The Battle of Shaiba was fought on April 12-14 1915, between British forces defending Basra, and men from the Ottoman Empire, attempting to retake the strategically important city. It is considered a turning point in the long Mesopotamian campaign, as after it, the allies generally held the advantage in the area. Labertouche was a Major with the 122nd Rajputana Infantry, in the Indian army, at this time. He received fatal wounds on the 14th of April, and died on the same day.

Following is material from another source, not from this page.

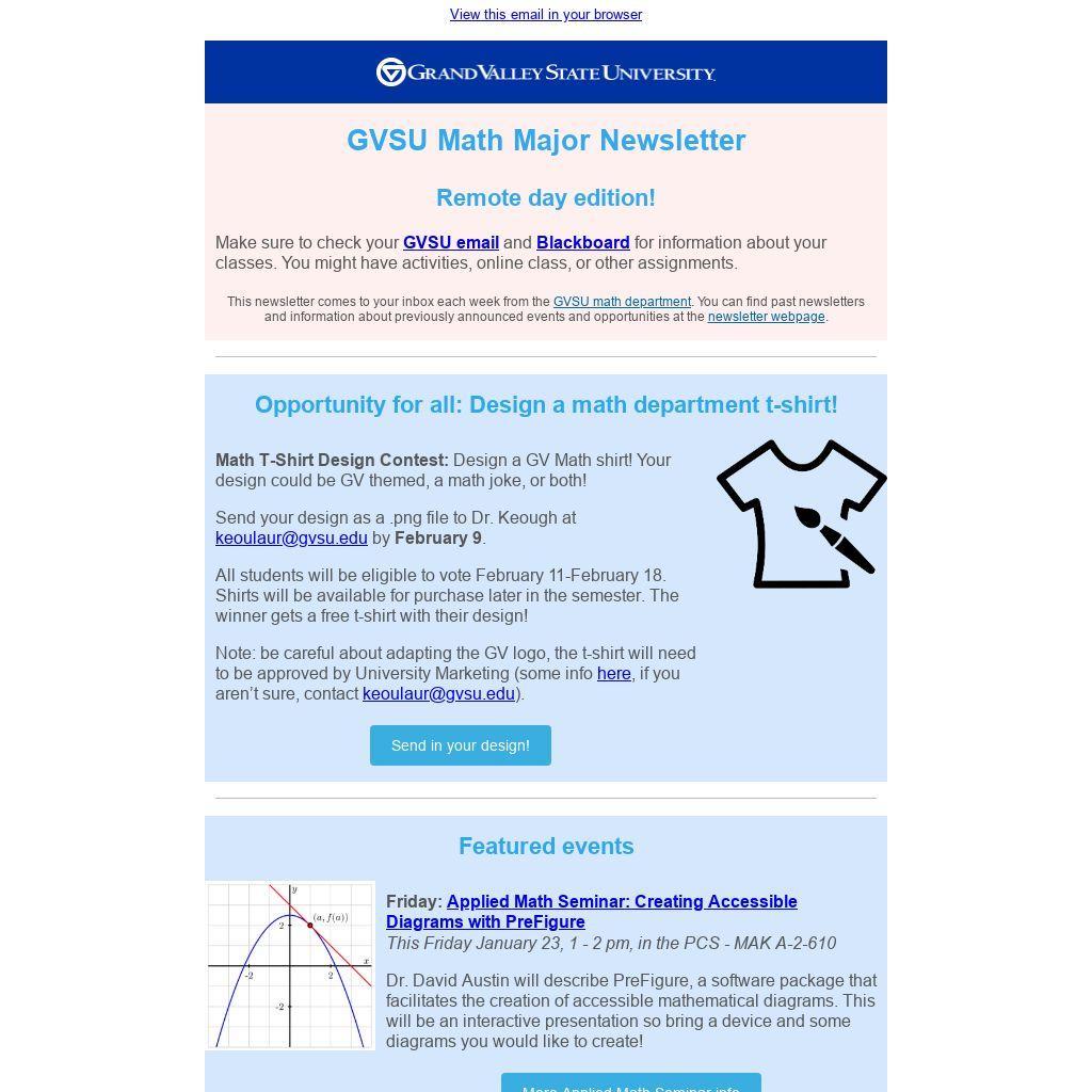 This newsletter comes to your inbox each week from the GVSU math department. You can find past newsletters and information about previously announced events and opportunities at the newsletter webpage.
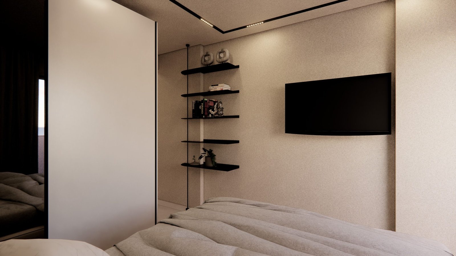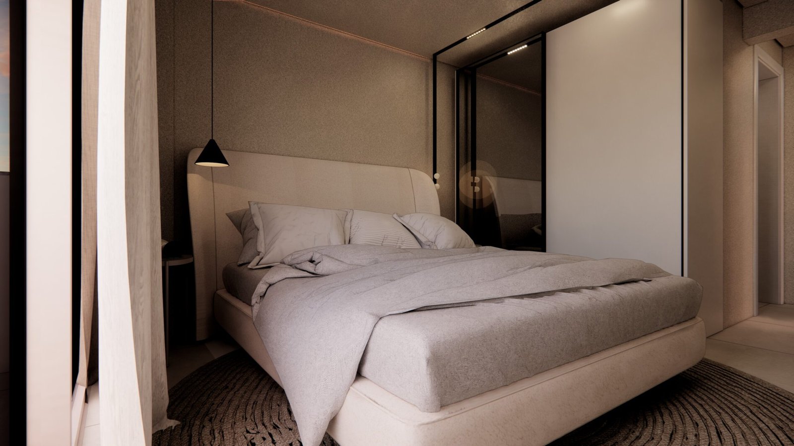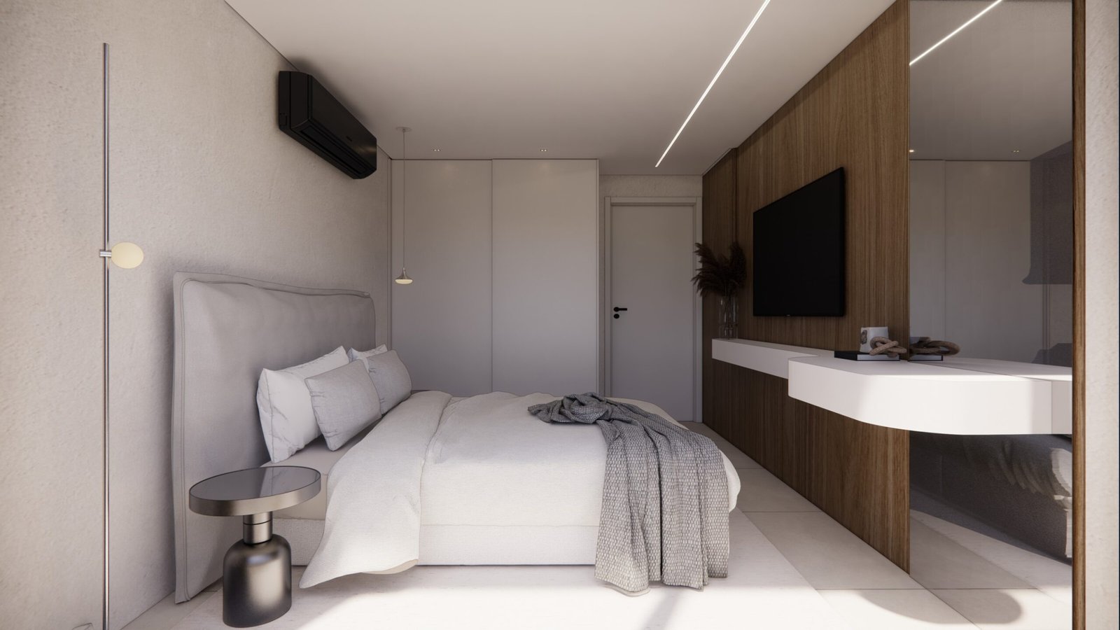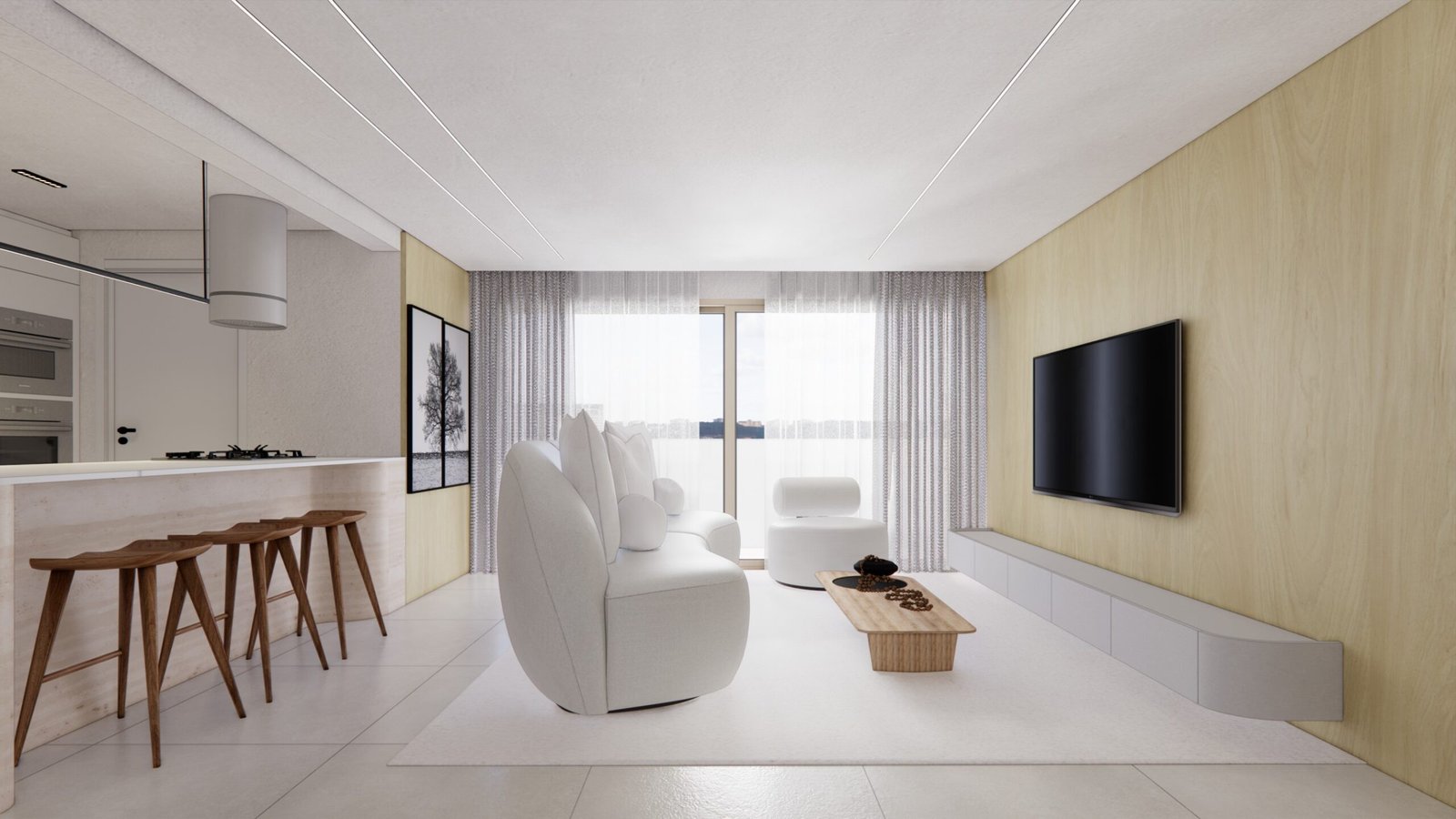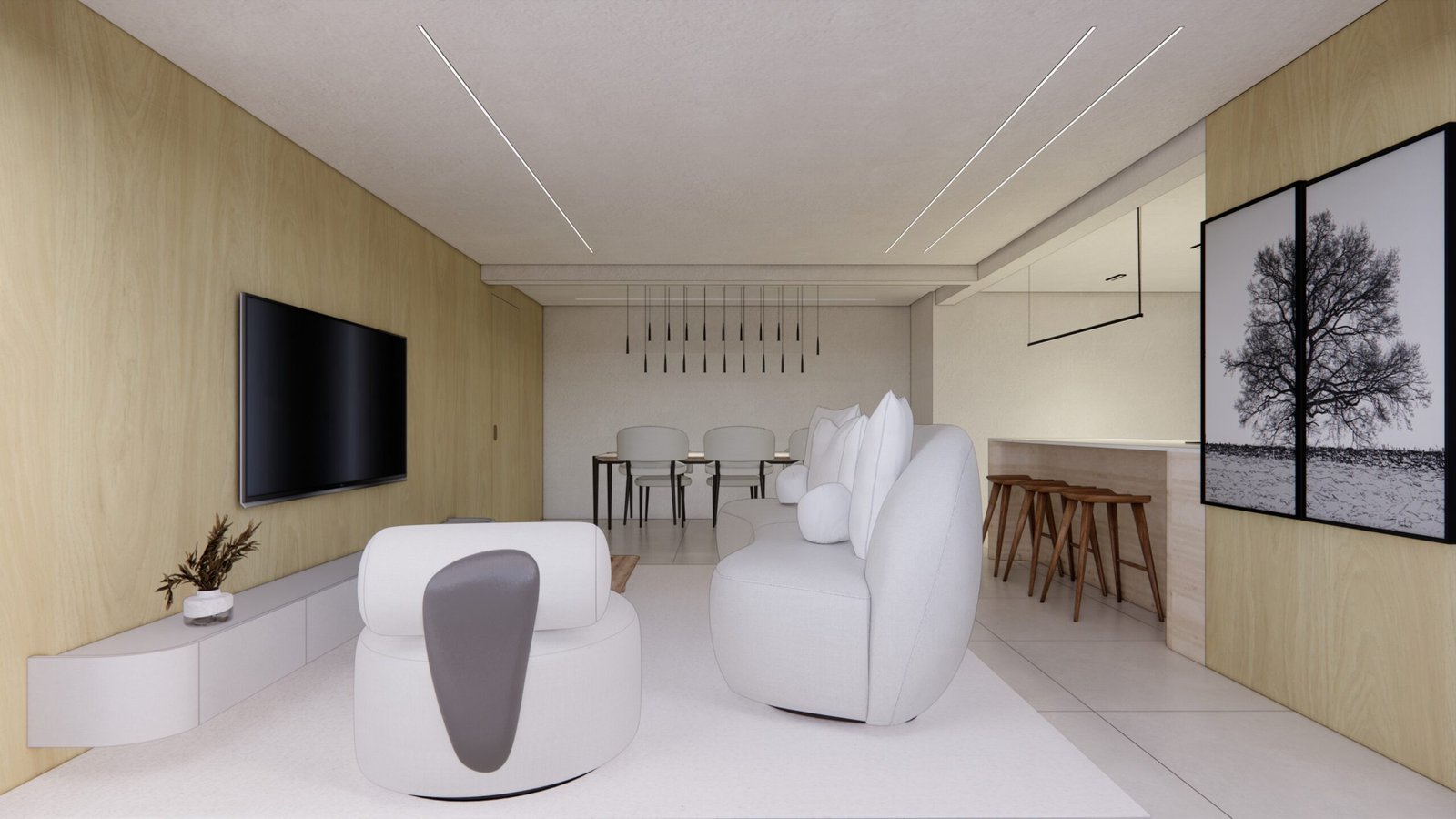 O cliente desejava criar uma atmosfera leve, moderna e aconchegante dentro do apartamento. Utilizamos uma iluminação mais suave e indireta assim criando uma sensação acolhedora. A paleta dentro do ambiente foi um tom mais suave para remeter a tranquilidade e funcionalidade. Além disso, para acentuar a modernidade, optamos por móveis com linhas limpas e contemporâneas, escolhendo peças que oferecem conforto sem sacrificar o estilo. A disposição dos móveis foi cuidadosamente planejada para otimizar o espaço e facilitar a circulação, criando áreas funcionais que ainda fluem suavemente de um ambiente para o outro. Além disso, investimos em soluções de armazenamento inteligentes para manter a desordem sob controle e garantir que o espaço permaneça organizado e convidativo.

Labertouche atte19150414_Labertouche,Guynded Westminster from April 1886 until July 1888. He was a homeboarder, and a good cricketer, but little else is known about his time at the school. He was born in Melbourne, Australia in 1871, to Peter Paul, a public servant, and Eleanor Annie. There he attended the prestigious Scotch College from 1881, where they have noted that “he did not star scholastically or in sport”, so nothing is known about his time there; we don’t even know in which year he left, or when his family moved to England.

He received his first commission in early 1892, into the Sussex regiment. From there he spent a few months in 1895 as aide-de-camp to the acting governor of Victoria, Australia, before leaving in November to go to Bombay. He was in the India Staff corps from 1896, and was involved in a number of actions, including suppressing the Boxer Rebellion in China in 1900. He was married to Janet Muriel Campbell Stewart in 1908, and promoted to the rank of Major in 1910.

Labertouche was commemorated at Basra War Cemetery, in modern day Iraq. After years with little maintenance to the site, headstones were removed by the British army in 2003 for safekeeping. Since then, the cemetery has been almost completely destroyed, although in the last few years, the Commonwealth War Graves Commission and Iraqi security forces have been attempting to restore it, though it is unclear how much progress they have been able to make.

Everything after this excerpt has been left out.